I glared at him. I wasn’t going to play his stupid game. It didn’t matter how attractive I found him. I was going to tell him off—why I was here, everything—just as soon as I could find the words.
“I don’t care.”
His hand stopped over mine and then slipped to my cheek.
I twisted my head away.
“Whatever your reasons,” he said, “this was either very rash, or very stupid. Surely you’ve heard about me and my taste for…enjoyment.”
Our gazes met, his black one burning. Of course I had heard of his insatiable appetite for women; I just hadn’t even considered it when laying out my plan. Suddenly I felt very, very stupid. And afraid. And then, angry.
“I’m here about my family’s ranch. You forced us off our land and gave us next to nothing for it. My parents have all but given up. All thanks to you. So I just wanted to tell you that I think you’re despicable.”
At my words, Carter’s face fell. Almost as if—no, it couldn’t be—as if my words had really affected him, had really made him feel something. In the silence, all the possibilities flashed through my head.
Carter, grabbing the drawer I was handcuffed to and heaving it across the room.

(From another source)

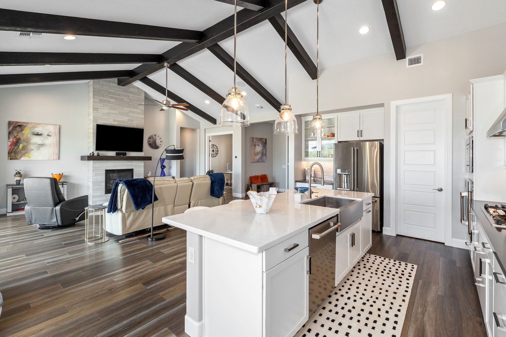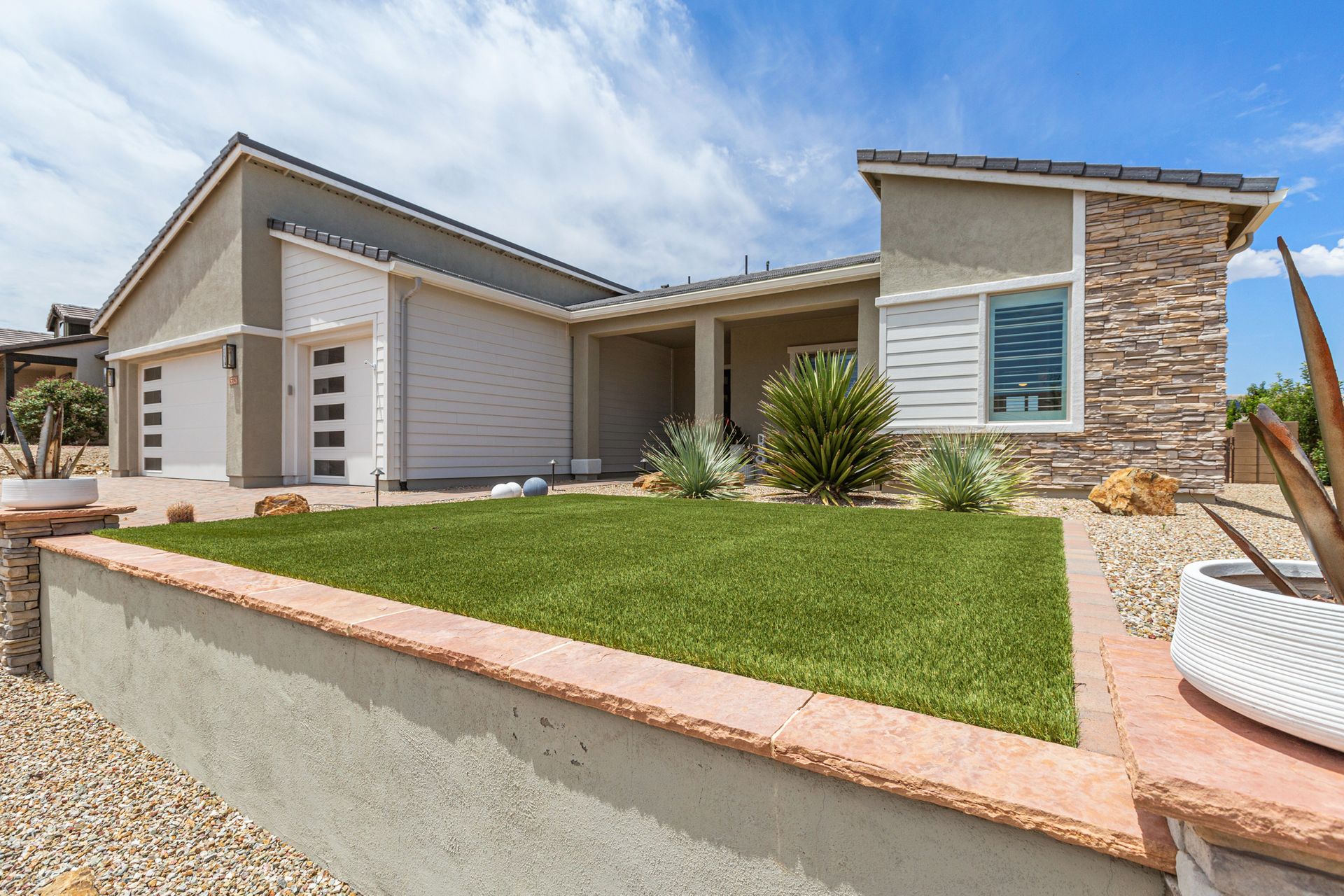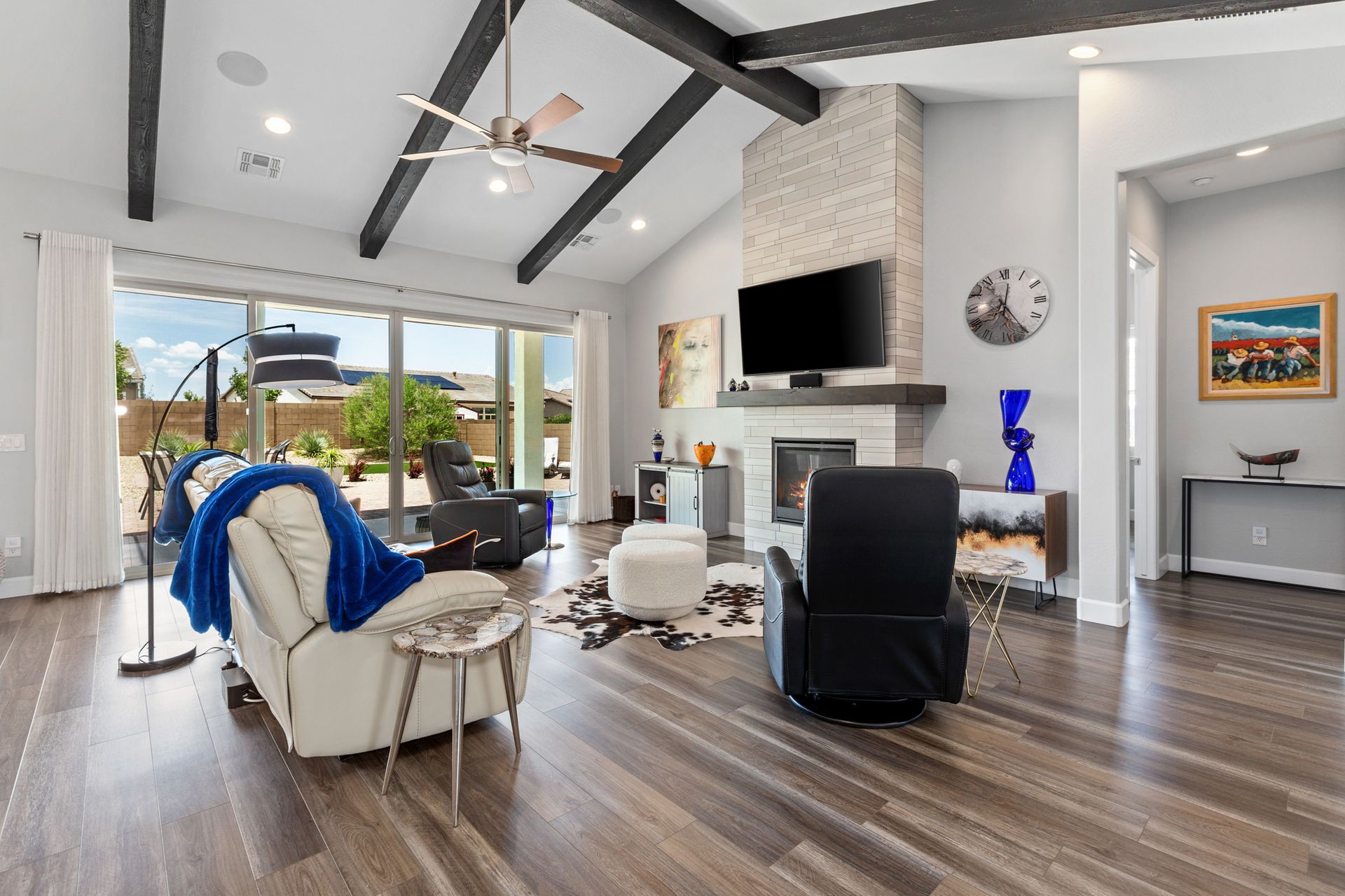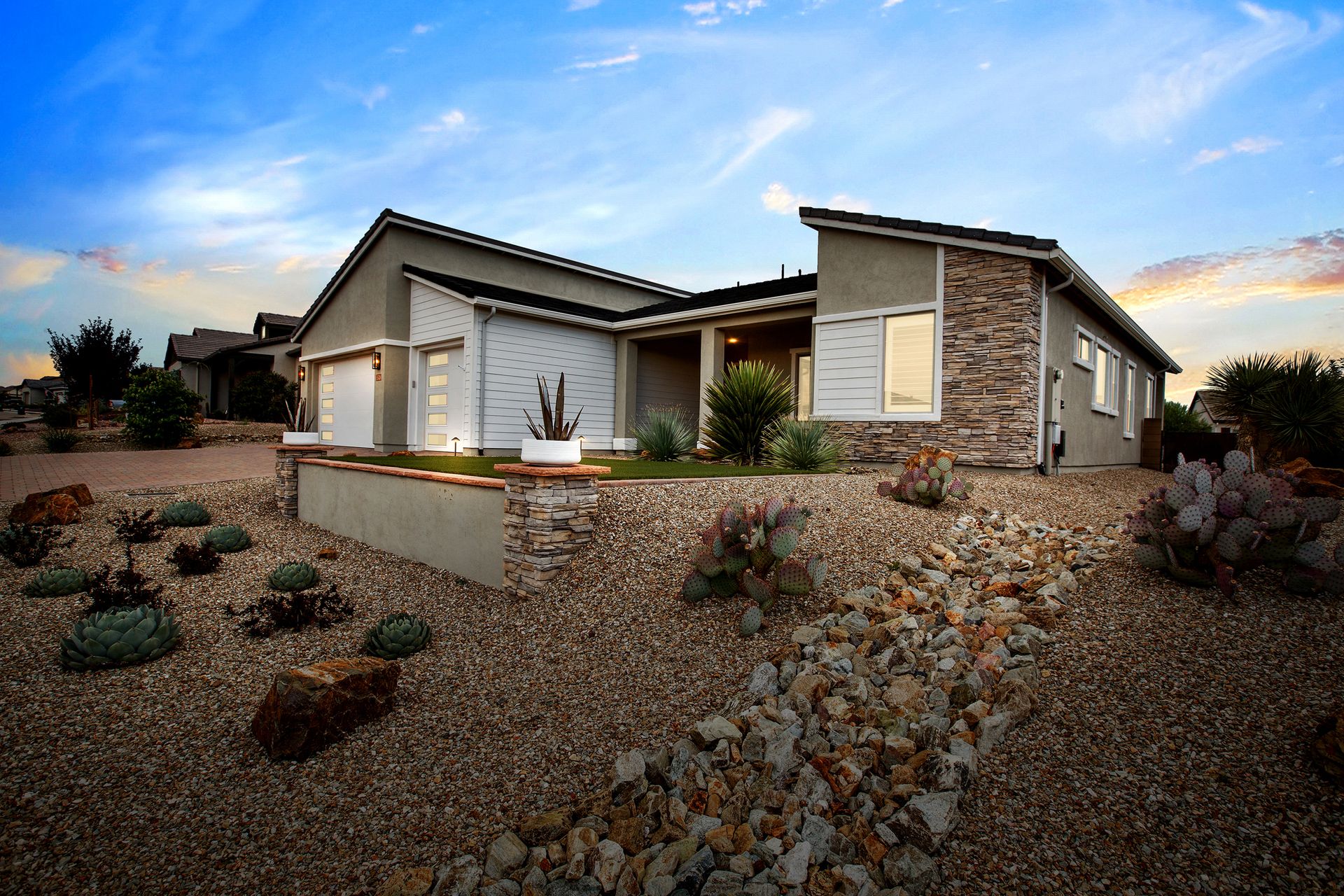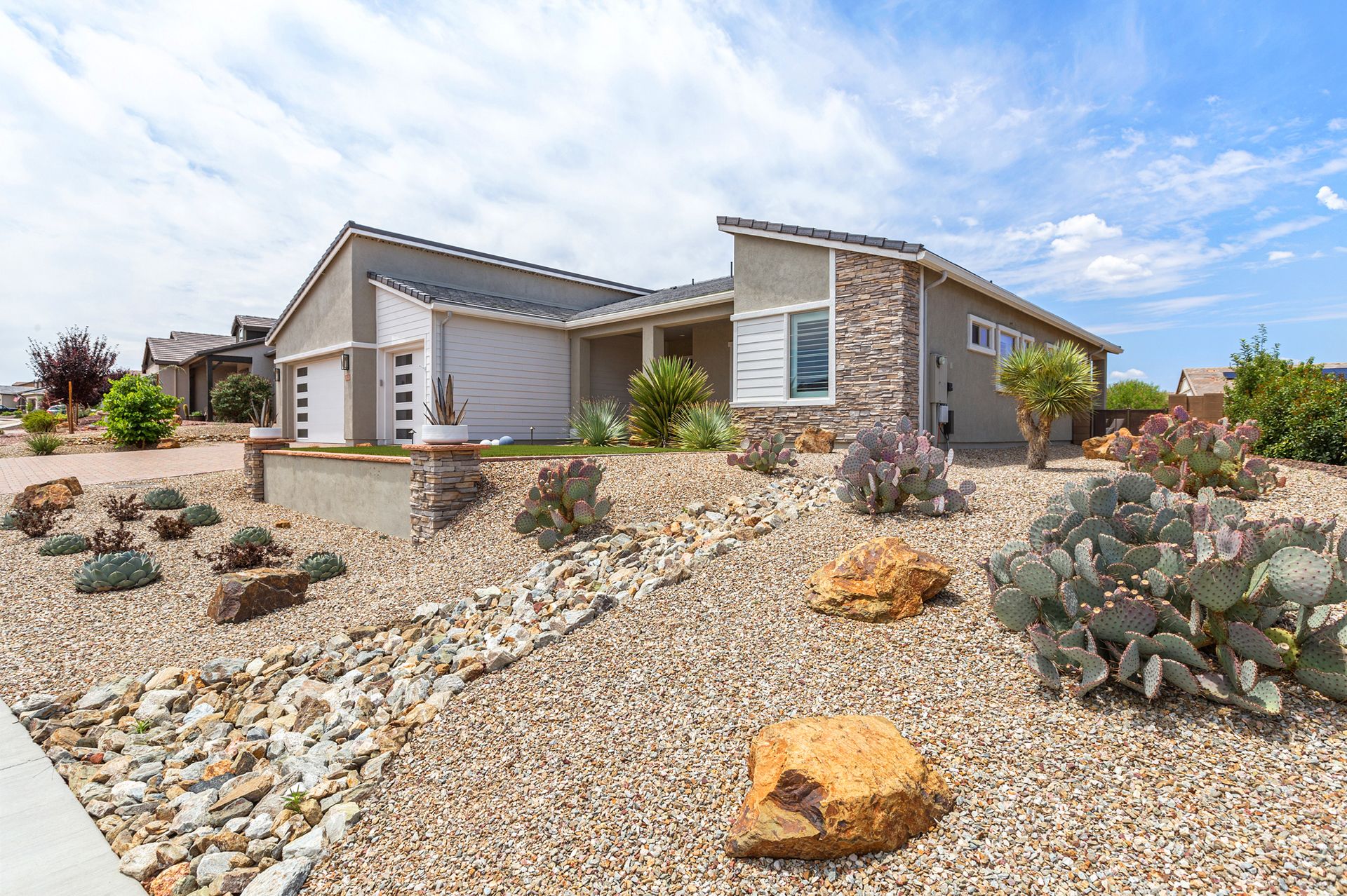 Magnificent modern style home in sought-after Granite Dells Estates! This 3 bed/2.5 bath + office, ''Sunflower floor plan'', has the elegance of modern design influences. The front yard invites you with a calming splash of green turf. Make your way to the main entry through the covered patio with seating area. Enter through the modern paneled front door into the entry vestibule with an immediate view of the open floor plan with vaulted ceilings, wood beams, floor-to-ceiling custom tiled fireplace and massive sun-drenched windows. The incredible chef's kitchen is equipped with a suite of GE Café including; refrigerator/freezer, gas cooktop, dishwasher, and baker's French-door wall oven. The kitchen cabinets are a crisp white with stainless pulls and just the right amount of stylish glass door upper cabinets. There's ample counter space with a huge island, quartz countertops, stylish pendant lights, stainless farm sink, designer backsplash, and walk-in pantry. The flooring throughout the home is luxury polymer plank flooring (no carpet). The primary bedroom is an elegant retreat with ensuite that has quartz counters w/dual sinks, freestanding tub, custom tiled glass shower, and a large walk-in closet. This split floor plan has two guest bedrooms with a hall bath. The laundry hallway includes Samsung washer/dryer, features a drop zone and a powder room. There is added quality with upgraded cabinets, quartz counters, paddle fans, custom tile and plantation shutters throughout. Enjoy the indoor-outdoor living with this Large (.29 Acre) lot that has an oversized paver patio, aqua-glass firepit, relaxing turf areas, and maturing trees. The insulated garage is extra-large with 4 ft extension, and includes wall storage cabinets, ceiling mounted storage and a workbench. Also, includes a whole house water purification system. This gem in Granite Dells Estates won't last long! MLS#6733825

Carter, yelling for his secretary, both of them sneering at me as they manhandled me out.
Carter, his hand flicking to my cheek once more, this time striking me, all the while wearing a mocking sneer.
Nothing, however, prepared me for what he did next. Sitting on the desk, his back to me, Carter spoke to the closed door.
“I might be able to help you out—possibly. If you help me out.”
He threw a casual glance over his shoulder. I couldn’t make out why, but in the presence of this dangerous, cruel man, the only things I felt were clashing tides of arousal and pity. Maybe that was why, before my defiant “no” could come out, my head was nodding.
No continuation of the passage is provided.